Gate Mudaliyar Mohammed Samsudeen Kariapper was a Sri Lankan politician. He was the Parliamentary Secretary to the Minister of Justice and Member of Parliament for Kalmunai.

Early life
Kariapper was born in 1899 and educated at Wesley College, Colombo. He was also a Chief Headman.

Political career
Kariapper was elected to Parliament at the 1947 parliamentary election to represent Kalmunai, as a United National Party candidate. He was defeated at the 1952 parliamentary election.

Kariapper entered local politics and became chairman of Kalmunai Town Council.

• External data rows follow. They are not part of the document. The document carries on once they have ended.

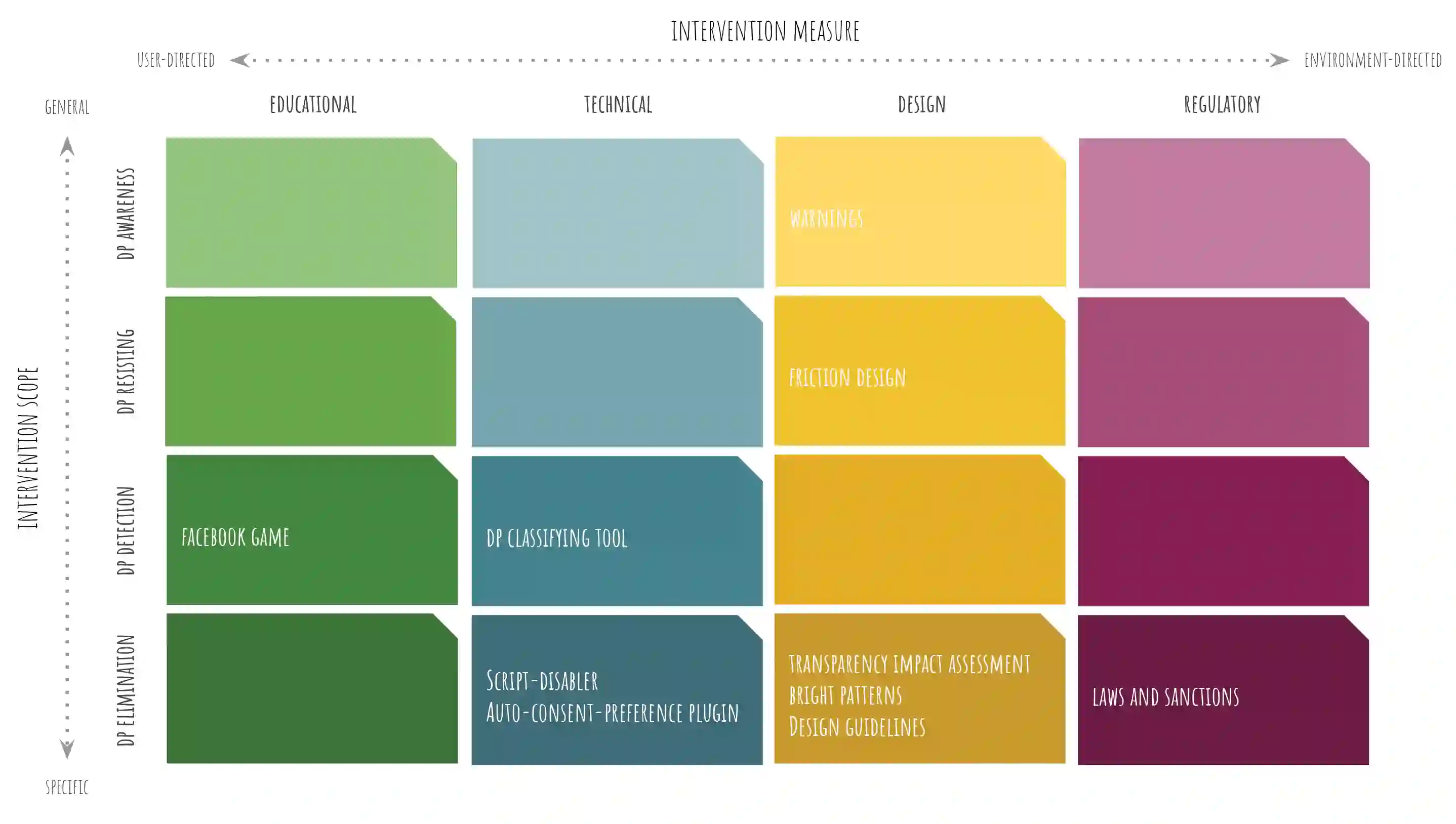 This position paper draws from the complexity of dark patterns to develop arguments for differentiated interventions. We propose a matrix of interventions with a \textit{measure axis} (from user-directed to environment-directed) and a \textit{scope axis} (from general to specific). We furthermore discuss a set of interventions situated in different fields of the intervention spaces. The discussions at the 2021 CHI workshop "What can CHI do about dark patterns?" should help hone the matrix structure and fill its fields with specific intervention proposals.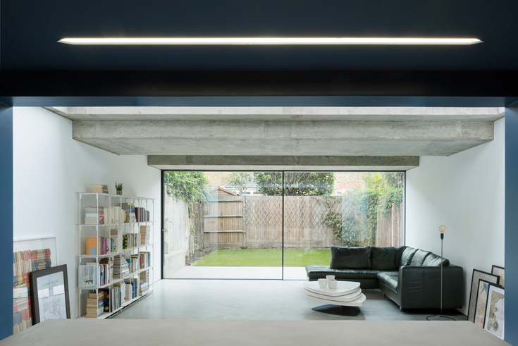 Bureau de Change sind inzwischen geübt in solchen Anbauten an Wohnhäuser. Bei ihren Entwürfen steht meist der Kontrast zum Bestand im Vordergrund. Der Bestand ist in diesem Fall ein typisches Londoner Reihenhaus mit brauner Ziegelfassade. Im Erdgeschoss wird der Wohnraum in den Garten hinaus erweitert.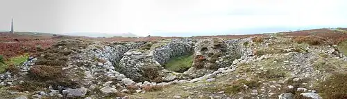 Im Zentrum besteht die Anlage aus einer großen Kammer von etwa 11,3 m Durchmesser, die aus Trockenmauerwerk gebildet wird und von einem Kraggewölbe bedeckt war. Neben mehreren unterhalb der Plattform eingefügten Steinkisten wurde an deren Außenkante ein Eingangsgrab eingebaut. Die Kammer enthielt eine in den Fels geschnittene T-förmige Grube, die als symbolischer Eintritt in die Unterwelt angesehen wird.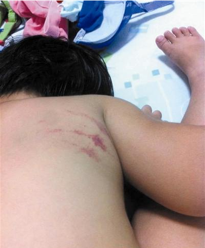 9月14日晚,3岁的女童妞妞从幼儿园回家后,保姆发现,孩子的胸前和后背有多处明显淤伤,而且再也不愿意去幼儿园了。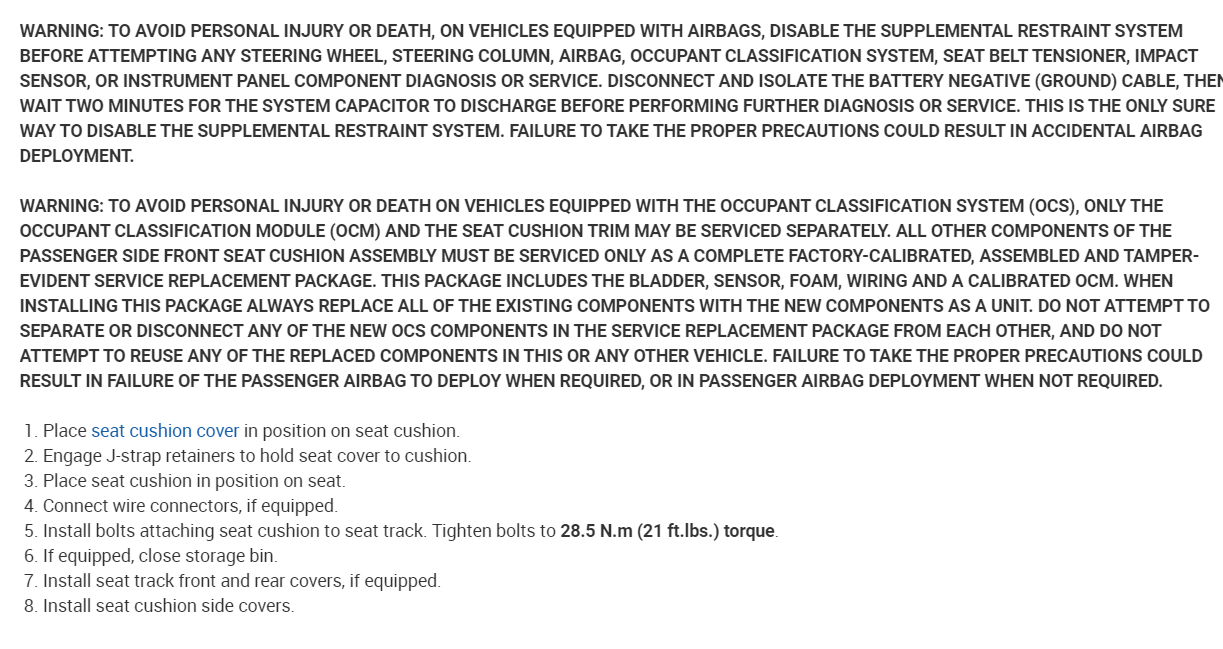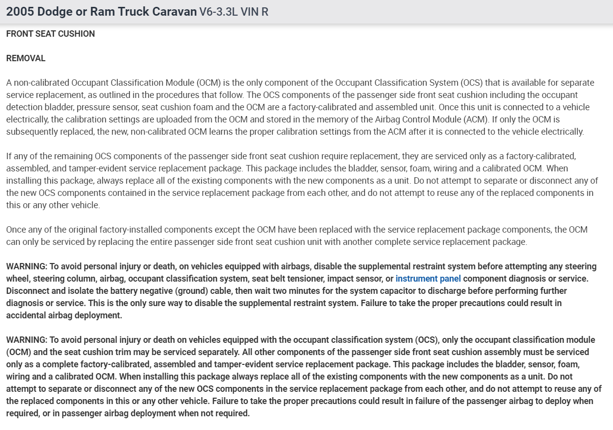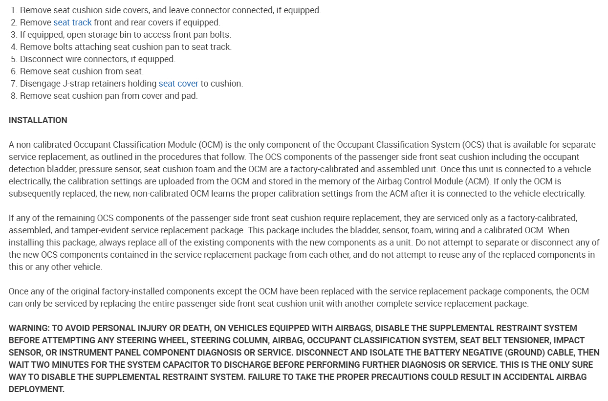 Vehicles equipped with the Occupant Classification System (OCS) have a seat weight bladder and pressure sensor unit that is integral to the passenger front seat cushion. The pressure sensor receives a nominal five volts and a ground through dedicated hardwired circuits from the OCM. The OCM then monitors the pressure sensor output voltage. Check out the images (below). Please let us know what happens.

He was elected to Parliament at the 1956 parliamentary election to represent Kalmunai, this time as an Illankai Tamil Arasu Kachchi candidate. He crossed over to the government within six months of the election. He was appointed Parliamentary Secretary to the Minister of Justice. He was re-elected to Parliament at the March 1960 parliamentary election, this time as a Lanka Democratic Party candidate.

Kariapper formed the All Ceylon Islamic United Front in 1960 and contested the July 1960 parliamentary election as an ACIUF candidate. He was defeated. In late 1960 he was found guilty of corruption by the Thalagodapitiya Bribery Commission. 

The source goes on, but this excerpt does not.